Removing that particular <element> has no impact from a test parsing. This is a xoai created by a Dspace repository. I'm puzzled.

cmacdonald avatar Jul 31 '17 20:07 cmacdonald

Could you create a minimum test case with the failing example (and the XML not retrieved from the site, so the example is stable)?

Could you also confirm if the XML is OAI valid?

mmalmeida avatar Aug 01 '17 08:08 mmalmeida

Minimal test case - inserting inline as GH wont take an XML attachment.

As to its validity, I can confirm its created by a Dspace instance. Do you have an XOAI validator?
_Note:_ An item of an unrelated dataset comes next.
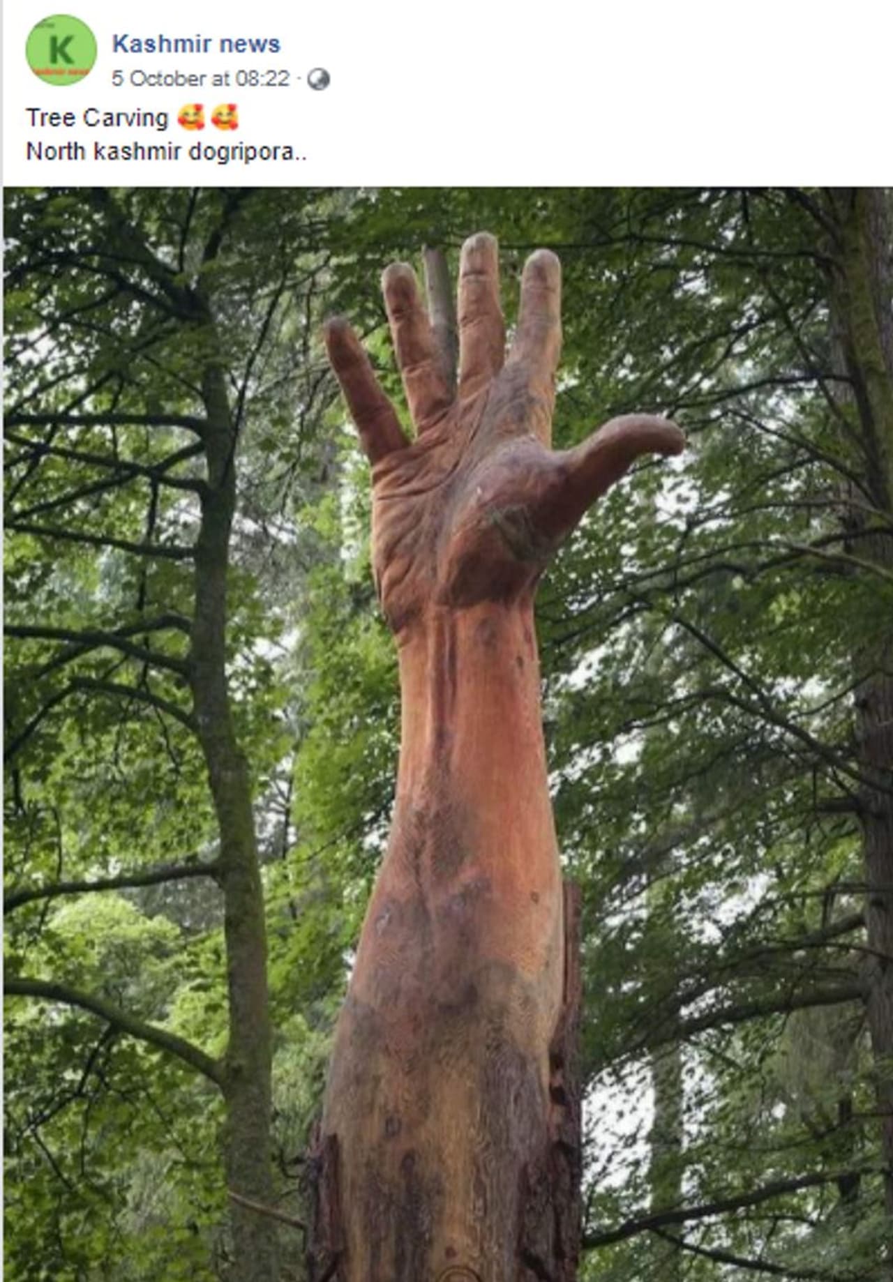 फेसबुक पर इस पोस्ट को ‘Kashmir News’ नामक पेज ने साझा किया है। पोस्ट में हाथ की शेप में एक पेड़ नजर आता है। पोस्ट के साथ अंग्रेजी में कैप्शन लिखा गया है जिसका हिंदी अनुवाद है—पेड़ नक्काशी उत्तर कश्मीर डोगरीपोरा पोस्ट का आर्काइव्ड वर्जन यहां देखा जा सकता है।

Will also update issue title.

<?xml version="1.0" encoding="UTF-8"?><?xml-stylesheet type="text/xsl" href="static/style.xsl"?>
<OAI-PMH xmlns="http://www.openarchives.org/OAI/2.0/" xmlns:xsi="http://www.w3.org/2001/XMLSchema-instance"
	xsi:schemaLocation="http://www.openarchives.org/OAI/2.0/ http://www.openarchives.org/OAI/2.0/OAI-PMH.xsd">
	<responseDate>2017-07-31T20:10:46Z</responseDate>
	<request verb="GetRecord" identifier="oai:repository.somewhere.ac.uk:10373/1861"
		metadataPrefix="xoai">http://repository.somewhere.ac.uk/oai/request</request>
	<GetRecord>
		<record>
			<header>
				<identifier>oai:repository.somewhere.ac.uk:9999/999</identifier>
				<datestamp>2015-02-03T17:41:40Z</datestamp>
				<setSpec>com_10373_3</setSpec>
				<setSpec>col_10373_12</setSpec>
			</header>
			<metadata>
				<metadata xmlns="http://www.lyncode.com/xoai">
					<element name="dc">
						<!--  either this block -->
						<element name="contributor">
							<element name="author">
								<element name="none">
									<field name="value">Author1, First A.</field>
									<field name="value">Author2, Second</field>
									<field name="value">Author3, Third</field>
								</element>
							</element>
						</element>
						<!--  or this following commented block -->
						<!--  
						<element name="relation">
							<element name="ispartof">
								<element name="en">
									<field name="value">Another article 6(4)</field>
								</element>
							</element>
						</element>
						 -->
					</element>
				</metadata>
			</metadata>
		</record>
	</GetRecord>
</OAI-PMH>

cmacdonald avatar Aug 01 '17 12:08 cmacdonald

Asking Google for "OAI validator" turns up quite a few hits. The only one I'm at all familiar with is OVAL: http://oval.base-search.net/

mwoodiupui avatar Aug 01 '17 12:08 mwoodiupui

Thank you for that observation - I should have checked also.

I have now checked with the "offending" endpoint with http://oval.base-search.net/ and http://validator.oaipmh.com/. In particular, the latter produced no error for ListRecords, and the former produced an error about "No incremental harvesting (day granularity) of ListRecords", which I think would be irrelevant.

Output from a third validator can be found at http://oanet.cms.hu-berlin.de/validator/pages/validation_dini_results.xhtml?vid=ZUZaM2FscFM2NEpUY2lncHdZYno2QT09 - I don't feel qualified to ascertain the relevance of any of these to the Exception at hand.

cmacdonald avatar Aug 01 '17 12:08 cmacdonald

I believe this is concerned with more than two levels of nesting <element> tags in the Dspace generated xoai.

cmacdonald avatar Aug 02 '17 21:08 cmacdonald

The problem is related to the underlying XmlReader, which consumes events without checking that they are not what was being requested. After some hacking, the simplest fix I could identify was just to check in the MetadataParser that the EOD had not been reached . If someone else is in agreement, I can add a test case, and make a pull request.

MetadataParser.diff.txt

cmacdonald avatar Aug 03 '17 16:08 cmacdonald

I had a long plane journey, so rewrote the traversal code underlying MetadataParser, which has a number of problems when parsing xoai:

  • elements within elements
  • elements within elements that already have fields.

My revised MetadataParser can be found at https://github.com/cmacdonald/xoai/commit/05f67f26bf8eb3c2eff60a076edc3c7189163c57

I have my own application code that I have with tested examples of OAI from Pure, Dspace and Eprints. I can make unit tests for xoai-serviceprovider.

cmacdonald avatar Aug 06 '17 00:08 cmacdonald